И случилось это в самой середине лета, когда над Таватуем круглая красная луна встала. Объявилась напротив деревни Гора-Рыба. Сама явилась, не звал её никто. Сказала рыба, что эта ночь последняя для старого унха будет. «Только не ставьте лодку на холме, как у вас заведено», — просит Рыба. «А что нам делать тогда?» — спрашивают унхи. «Пустите лодку на воду. Я его сама хоронить буду». Подивились унхи, но спорить не стали. Пускай,
Как солнце за гору ушло, явились соседи, подняли старика, уложили его в лодку и потащили к берегу. Только коснулась лодка воды, так сразу поплыла она сама в сторону рыбы-острова. Любопытные унхи высыпали на берег поглазеть, что дальше будет. А тем временем розовый свет по всему небу разлился, да так нарядно, словно бы праздник какой. Небо чистое, лишь над островом два облака большие, точь в точь как две белые собаки стариковы. Гора-Рыба рот свой огромный открыла, а лодка Кали-Оа прямиком туда и заплыла. «Зачем ты съесть нашего старика хочешь?», — закричали унхи. Только видят они, что рыба рот не закрывает. Тем временем небо стемнело, а внутри рыбы светло стало, будто кто в пещере факел запалил.
И видят унхи, как встал из лодки старик. Глядь, а он и не старик вовсе — седые волосы почернели, а грудь силой налилась. Дальше ещё чуднее было: борода у Кали-Оа исчезла, а сам он будто бы ростом меньше стал. Не мужчину видят унхи, а мальчика. С мальчика одежда упала, которая велика ему сделалась, а он и не мальчик уже, а младенец беспомощный. Показалось унхам, что младенец тот будто внутри прозрачного пузыря над лодкой повис. Свернулся младенец клубком и стал с каждым мигом уменьшаться пока совсем из виду не пропал. Как случилось это, Гора-Рыба рот свой закрыла, и темно стало. Только звёзды над озером моргают, да костры того берегу в воде отражаются.
Ничего подобного прежде не видели унхи. Упали они на землю и стали Рыбе забытые молитвы говорить. Только не услышала тех молитв Рыба, с той ночи отвернулась она от унхов. Зла им Рыба не делала, но и не пеклась о них как встарь, да и приплывать к Калиновскому берегу перестала. Вспомнила она слова Кали-Оа и поняла, что целый народ ей никогда одного-единственного человека не заменит. А у унхов с тех пор поверье: если увидел облако, на собаку похожее, загадывай жизнь долгую, и будет у тебя жизнь до самой смерти.
Сказание о сватовстве Уйрала
С той ночи, когда Рыба старика Кали-Оа забрала, Сийтэ, внучка его, одна жила в печали. Девушка она была красивая, отбою в женихах не было. Только не смотрела она на женихов-то.

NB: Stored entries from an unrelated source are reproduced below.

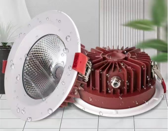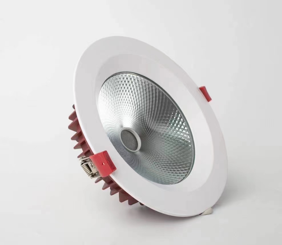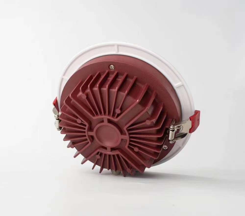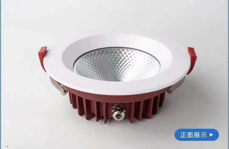 压铸铝材,大底座散热器,可以大幅度降低芯片温度,在安全的情况下保持低温,保护好芯片,从而达到长寿命;大底座散热有一大好处,可以做大功率,满足各大酒店商场的需求。铝材面环,搭配菱格纹90°反光杯,及高透钢化玻璃,光效均匀,透光率高;内置防水胶圈,有效防止水渗透散热器;全部采用高强度,加强加硬优质不锈钢弹簧,易安装,更牢固;出线口采用防水螺丝帽,2.5寸7W,3寸12W,4寸18W,5寸25W,6寸30W,8寸40W,多钟规格可选,应用不同场景需求。
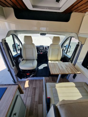 Vivienne is an automatic seats 4, sleep 4 people in the cosy, upper pull down bed with foam mattress as well as in the rock and roll pull out bed in the living space.
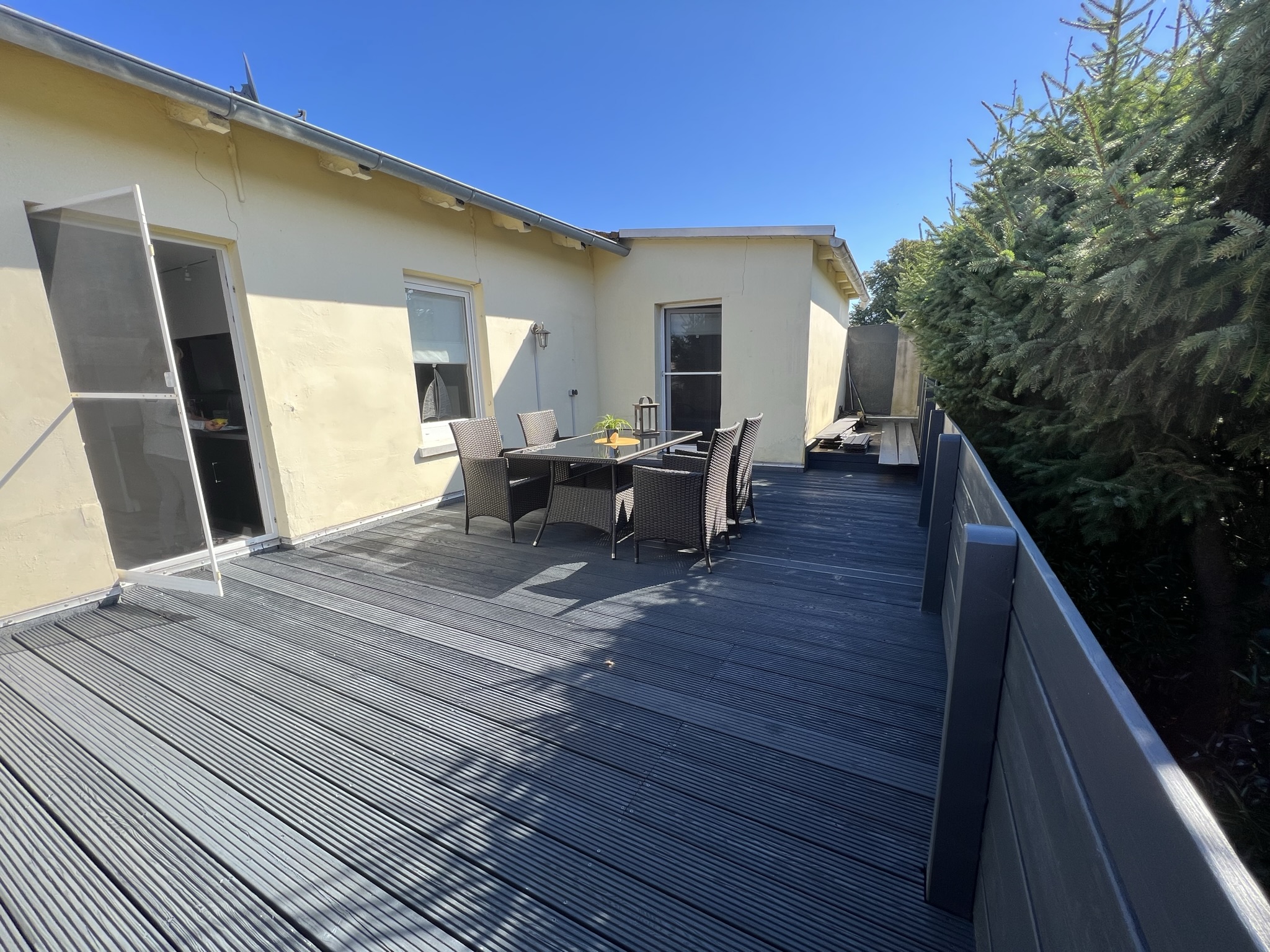überdachte Südostseite, ca. 16 m2, Gartentisch mit 6 Stühlen
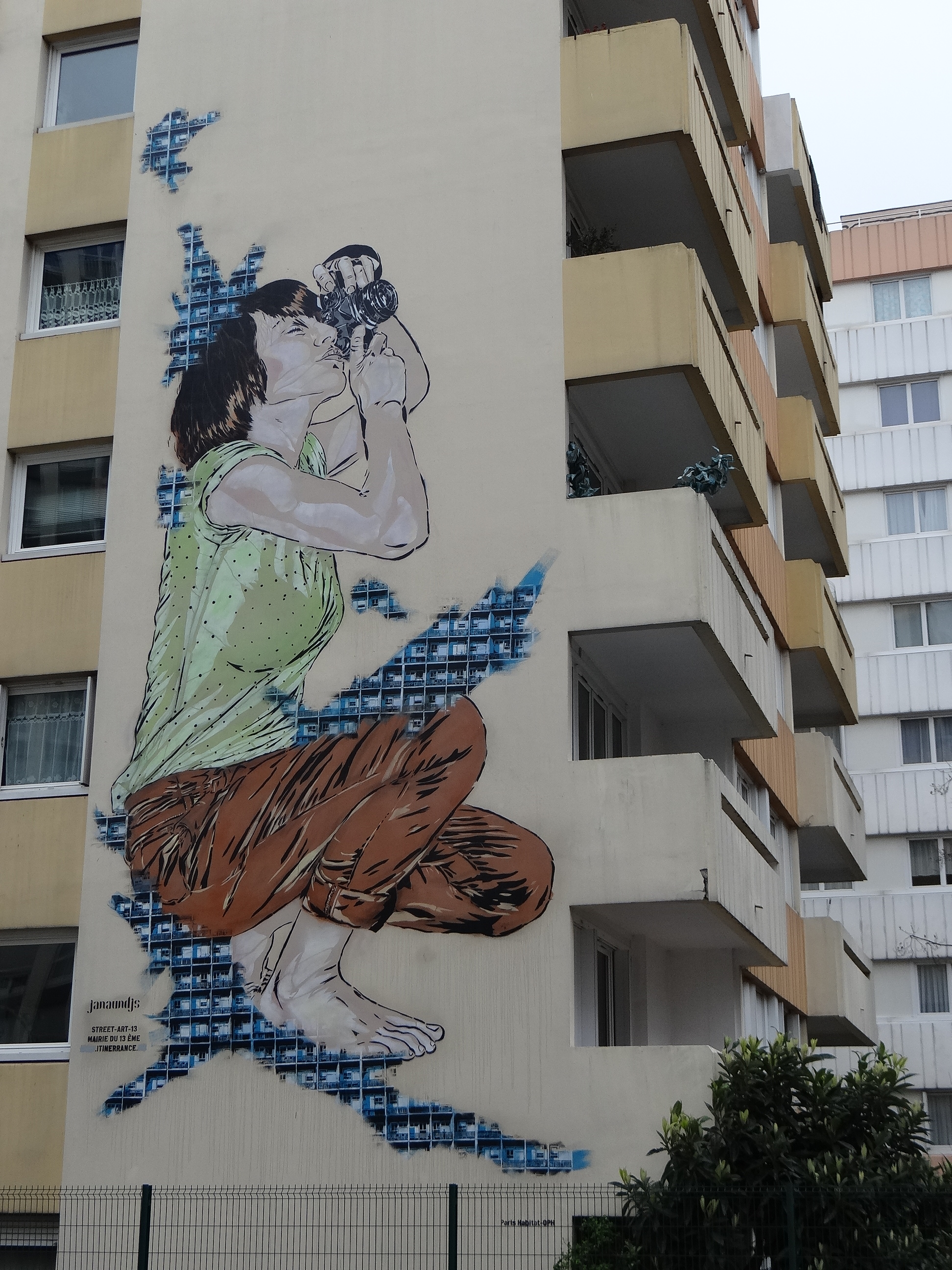 Même si j’ai eu la chance de faire parti des visiteurs de la Tour Paris 13, si je me balade réguliérement dans le 13éme arrondissement et que je suis avec intérêt l’actualité et les exposition de la galerie Itinérrance, cette conférence fut l’occasion de découvrir autrement les lieux et d’imaginer l’histoire qui se cache derrière fresques, collages et pochoirs.
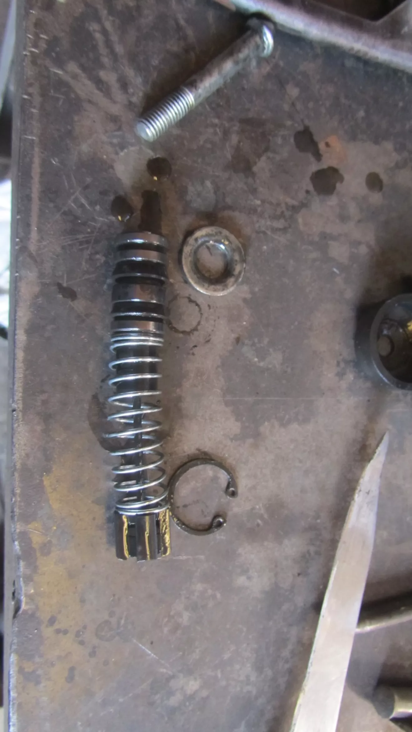 Далее разбираем главный. С ним мороки чуток больше. Снимаем стопорное кольцо и высыпаем на стол
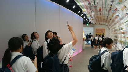 今日の思い出と世界に一つのマイカップヌードルを胸に、カップヌードルミュージアムを後にします。カップヌードルの製法を学習し、他学年とのつながりも深まりました。

Всё сидела на берегу, да на Таватуй-озеро любовалась, песенки ему мурлыкала, говорила с ним, будто с человеком живым. Из-за этого считали её в деревне юродивой — «баан» по-унхски. Походили-походили женихи, да отстали. Кому нужна жена такая?
Только один не желал сдаваться, его Уйралом звали. Был он сиротой, но друзья уважали его за честность и силу. Каждый день приходил он к Сийтэ, помогал по дому, приносил затейливые подарки и лучшую рыбу. Каждый день говорил он девушке, что будет ждать всю жизнь, пока она не согласиться в жёны к нему пойти. А Сийтэ только грустно улыбалась ему, правда от подарков не отказывалась.
Сидели они как-то раз на берегу, и вдруг Сийтэ спрашивает парня: «Скажи, правда ли ты готов ждать меня долго?». — «Правда», — отвечает Уйрал, и видно по нему, что правду говорит. «Скажи ещё: правда ли несмотря ни на что будешь любить меня до самой смерти?», — спрашивает Сийтэ. «Правда», — отвечает Уйрал. «Даже если все над тобою смеяться будут за это?». — «Даже тогда». — «Даже если проклянёт тебя народ твой?». — «Даже тогда. Никого мне кроме тебя не надо», — говорит Уйрал, а сердце его рыбой в груди трепещет.